Nenhuma acredita que haverá cargos políticos para tantas jotinhas. E a verdade é que a vida num gabinete cercado de homens trinta anos mais velhos a tratar da burocracia político-partidária não é propriamente a coisa mais aliciante do mundo. Enquanto aclamavam Alfredo Henriques presidente, já na noite da vitória, e tentavam tocar-lhe no blazer quando se dirigia, depois de jantar, à sede de campanha, as colegas de curso actualizavam o facebook, preparavam-se para sair, ou viam um canal de música. (Recentemente, alguém me dizia: “ - Ao fim-de-semana vou para casa, sou de Ovar. Freguesia? Isso não sei, sei que pertence ao concelho de Ovar.”). Não há muitas razões para acreditar que as jotinhas do camião acalentavam o sonho de transformar um pouco o (seu) mundo com a eleição de Alfredo Henriques, que apenas conhecem de ver nos jornais (?) e de ter encerrado os comícios, embora algumas tenham conseguido um cumprimento ou um beijinho na campanha.

O poder vem assumindo explicitamente uma vocação de governamentalidade das consciências. Um gestor, engenheiro, construtor, arquitecto, dono de um café, são cargos tão políticos como vereador. Diz-me com quem andas e dir-te-ei quem és. A política deixa de ser uma entidade monolítica e localizada e dissemina-se em todas as relações sociais como uma forma de conduta prescrita, uma ortodoxia de opiniões e silêncios que, se o jovem “se portar bem”, o podem levar a algum lado. A contradição surge aqui. Trinta jovens de vilas periféricas a uma cidade periférica sobem a um camião para aclamar uma das figuras de autoridade simbólica nesta estrutura fluída de disciplina de vida. E uma jornalista escreve que os jovens se encontram cada vez mais afastados das juventudes partidárias.
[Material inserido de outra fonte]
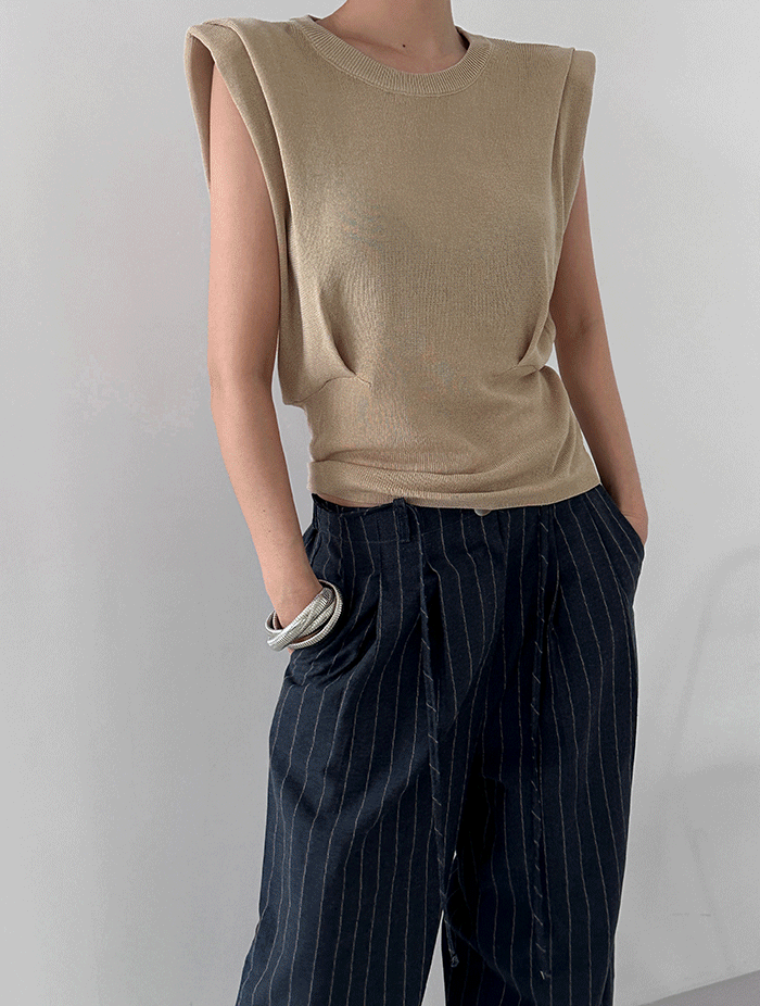 네블 핀턱 패드 니트 슬리브리스 (4col)

A relação de cada jovem com o potencial Poder (o Partido que pode ir para a câmara/para o governo, o presidente da concelhia, a estrutura...) é uma forma de subversão ortodoxa, é a relação impossível de criação de uma identidade pelo sacrifício da própria identidade: a emergência de um indivíduo-na-sociedade através da integração do interdito simbólico encarnado pela lei paterna (a figura tutelar do partido do poder), na sua dimensão protectora e, simultaneamente, obscena. É, por outras palavras, o drama de Édipo, confrontado com a ambivalência emocional do totem e do tabu no horror do incesto (a adesão contra-instintiva a um sistema de valores paternalista) e o desejo (inconfessável) de aniquilar a figura de autoridade, para poder, finalmente, substituí-la. Neste sentido, o gesto de obediência exasperada a uma estrutura política local e a inscrição incondicional num código de comportamento disciplinador é, paradoxalmente, o gesto fundador de uma contraconduta (como a geração de executivos que emerge nos anos 80).
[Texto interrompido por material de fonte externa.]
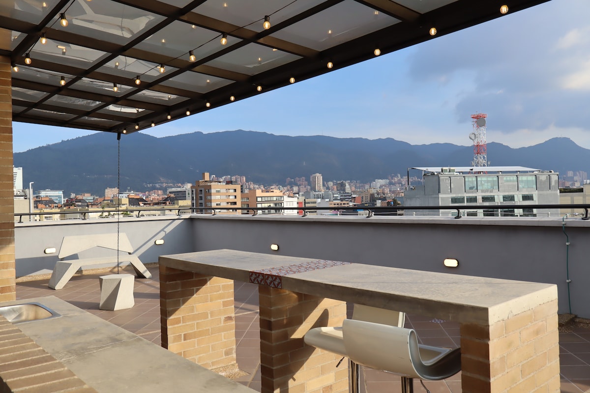 Cet appartement de type loft comprend une charmante terrasse privée, idéale pour se détendre après avoir parcouru la ville. Situé entre Zona G et Quinta Camacho, vous serez à quelques pas des meilleurs restaurants, cafés et boutiques de Bogotá, ainsi que des hôtels de luxe tels que Hilton, JW Marriott et Four Seasons. Il dispose d'une sécurité privée 24/7, d'un check-in simple et d'une connexion Wi-Fi rapide de 500 Mbps pour travailler ou regarder vos séries préférées.

Se estes grupos de militantes se definem por oposição aos colegas (e, nesta medida, há que reconhecer a validade do título do «Público»), algo vai verdadeiramente mal. Porque, reproduzindo os comportamentos de exclusão que estão na origem do conceito “classe política”, afirmam a sua (contra)conduta como modo de assumir uma posição invisível na ordem da governamentalidade (desde o gabinete da cave ao pelouro), e isso representa a própria negação da evolução. Nesta subtracção ao todo, algo se perde. É esse esvaziamento que melhor define a relação dos jovens com as jotaêsses e as jotaêssedês, enquanto espaços de aquisição de individualidade pelo acto de dupla negação: negação do todo social e negação da dimensão subjectiva – o que conduz à suspensão do próprio real, o real que esperava pelas meninas do camião laranja à chegada a casa, na falta de saneamento, o real que se infiltra na contradição entre a evidência de um concelho (de um país) arcaizado, de estruturas políticas fossilizadas, e a alegria das jotinhas em noite de campanha eleitoral para manter tudo na mesma. Ao longo de anos os nossos políticos esforçaram-se por passar a imagem de que já não há esquerdas nem direitas, que isso é coisa doutros tempos, que já não há ideologias, que somos todos do centro moderado, que a nova política chama-se “economia de mercado”. Esperavam agora que os filhos soubessem dizer para a câmara da televisão qual a diferença entre ser de esquerda ou ser de direita??

Esse divórcio entre o ser e o pensar (entre o cogito e o sum) cria uma fractura demasiado perigosa para continuar a ser alegremente ignorada. Essa fractura é o produto de uma ideologia construída pelos dois partidos no poder há trinta anos, um jogo de dissimulação e hipocrisia alimentado por todos nós que preferimos ser cegos a acreditar que isto vai mesmo mal e que é preciso mudar. Não ando a estudar para político. Honestamente, nem posso dizer que a política me agrade. Mas, como diria Francis Bacon, mais vale transformar a política antes que seja tarde, e ela nos transforme a nós.